[WORK REQUEST]
Each entry below must be given again word for word, with no pictures.

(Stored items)
<<<<
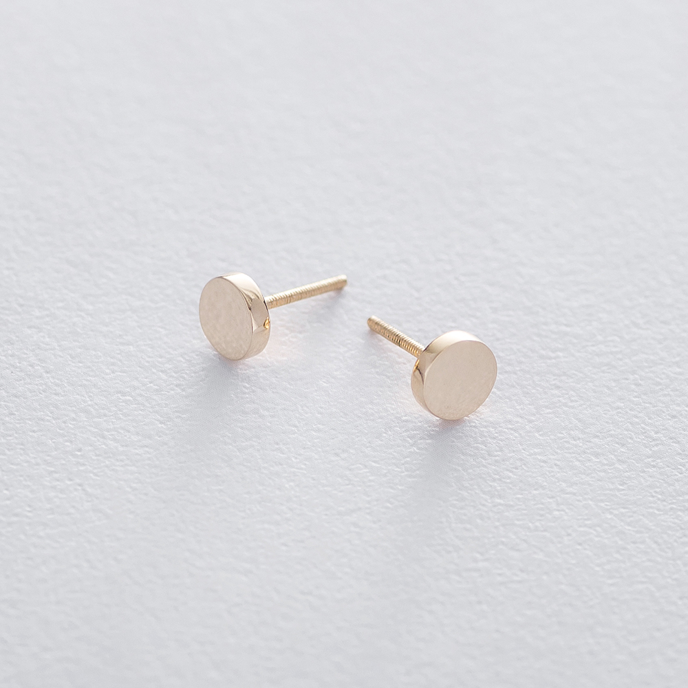 Серьги - пусеты в желтом золоте Круг (плоские) с05559
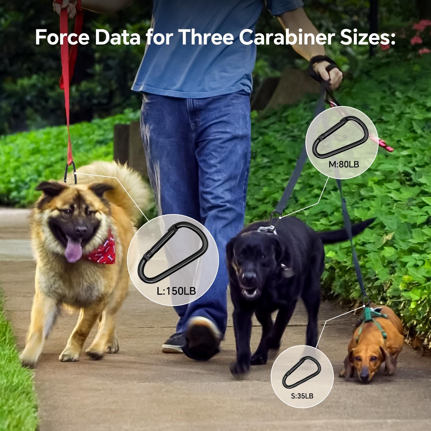 - 12 Pack Black Carabiner Multi Size Pack: Superior quality aluminum carabiner, for keys, pet leash or any other application. The anodizing is very good with bright black colors and a smooth finish. The black finish adds a sleek look. Gate action is smooth and it snaps back quickly
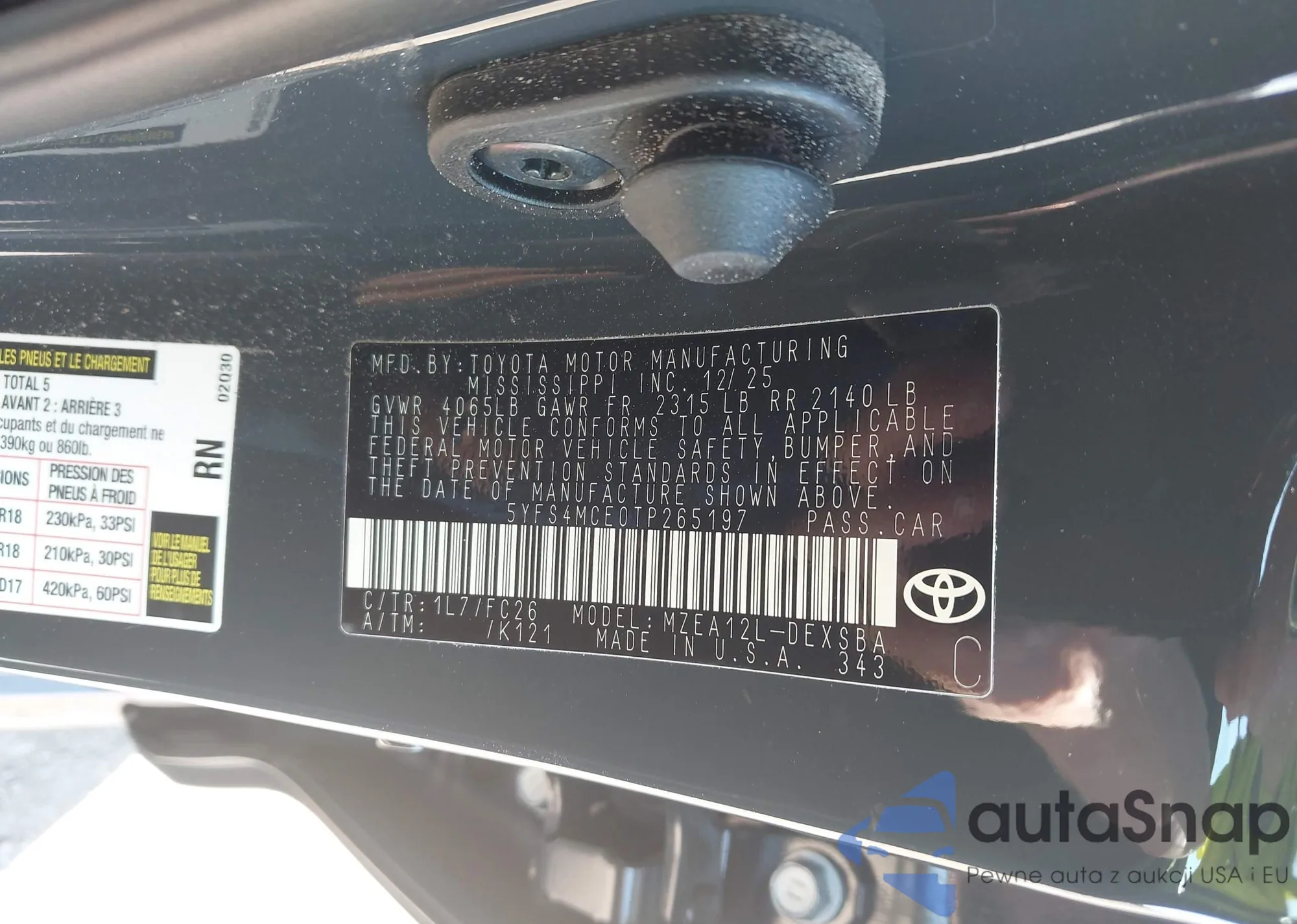 Samochód Toyota Corolla 2026 (VIN 5YFS4MCE0TP265197) ma dokumenty uniemożliwiające rejestrację. Mogą pojawić się trudności przy eksporcie i rejestracji. Skontaktuj się z ekspertami AutaSnap w celu znalezienia alternatywy.
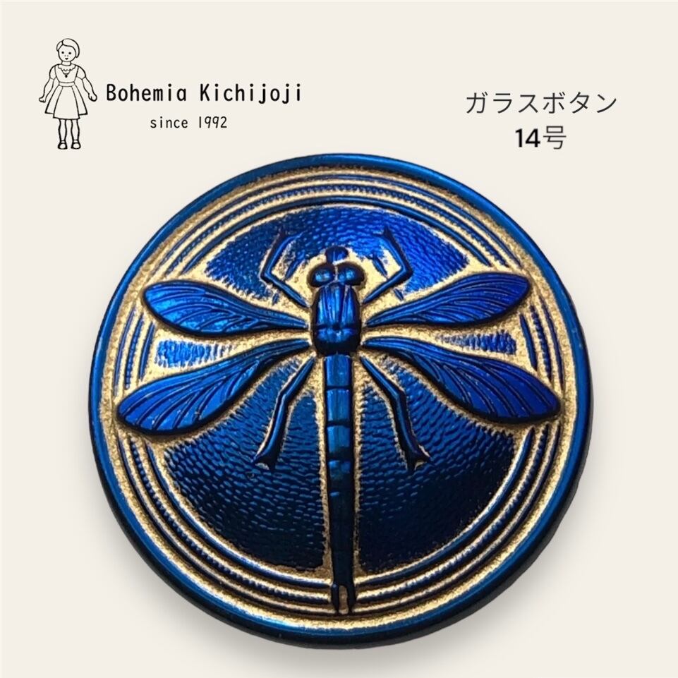 【チェコ ガラスボタン】トンボ(コバルトブルー ゴールド)14号
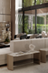 Made of the finest materials that exude sophistication and distinction, the Algerone Long Side Table upholds the classical appeal of the Algerone collection. Its marbleized top and leathery contours draw the attention of its beholders, easily becoming the detailed piece that any living room set needs.
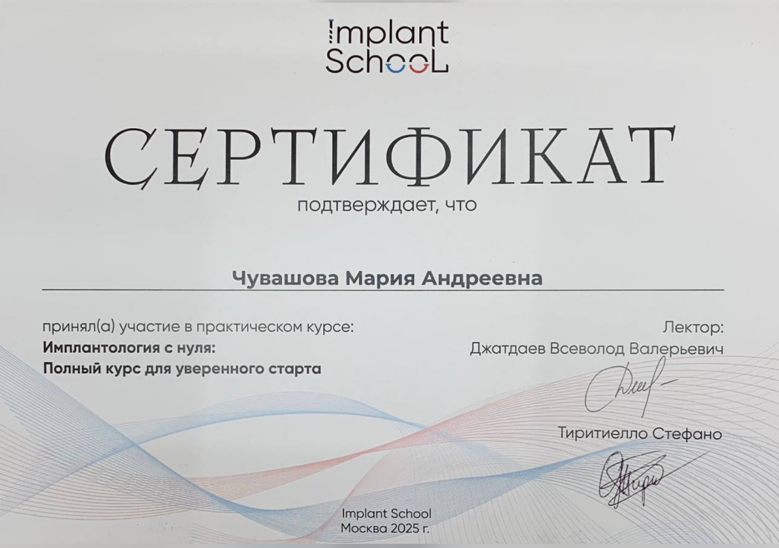 Спешим рассказать об очередном обучении уважаемого нашими пациентами хирурга - Чувашовой М.А. Мария Андреевна совсем недавно принимала участие в ПРАКТИЧЕСКОМ курсе: «Импланталогия с нуля. Полный курс для уверенного старта», сертификат тому подтверждение ✅
>>>>
[TASK RESPONSE]
 Серьги - пусеты в желтом золоте Круг (плоские) с05559
 - 12 Pack Black Carabiner Multi Size Pack: Superior quality aluminum carabiner, for keys, pet leash or any other application. The anodizing is very good with bright black colors and a smooth finish. The black finish adds a sleek look. Gate action is smooth and it snaps back quickly
 Samochód Toyota Corolla 2026 (VIN 5YFS4MCE0TP265197) ma dokumenty uniemożliwiające rejestrację. Mogą pojawić się trudności przy eksporcie i rejestracji. Skontaktuj się z ekspertami AutaSnap w celu znalezienia alternatywy.
 【チェコ ガラスボタン】トンボ(コバルトブルー ゴールド)14号
 Made of the finest materials that exude sophistication and distinction, the Algerone Long Side Table upholds the classical appeal of the Algerone collection. Its marbleized top and leathery contours draw the attention of its beholders, easily becoming the detailed piece that any living room set needs.
 Спешим рассказать об очередном обучении уважаемого нашими пациентами хирурга - Чувашовой М.А. Мария Андреевна совсем недавно принимала участие в ПРАКТИЧЕСКОМ курсе: «Импланталогия с нуля. Полный курс для уверенного старта», сертификат тому подтверждение ✅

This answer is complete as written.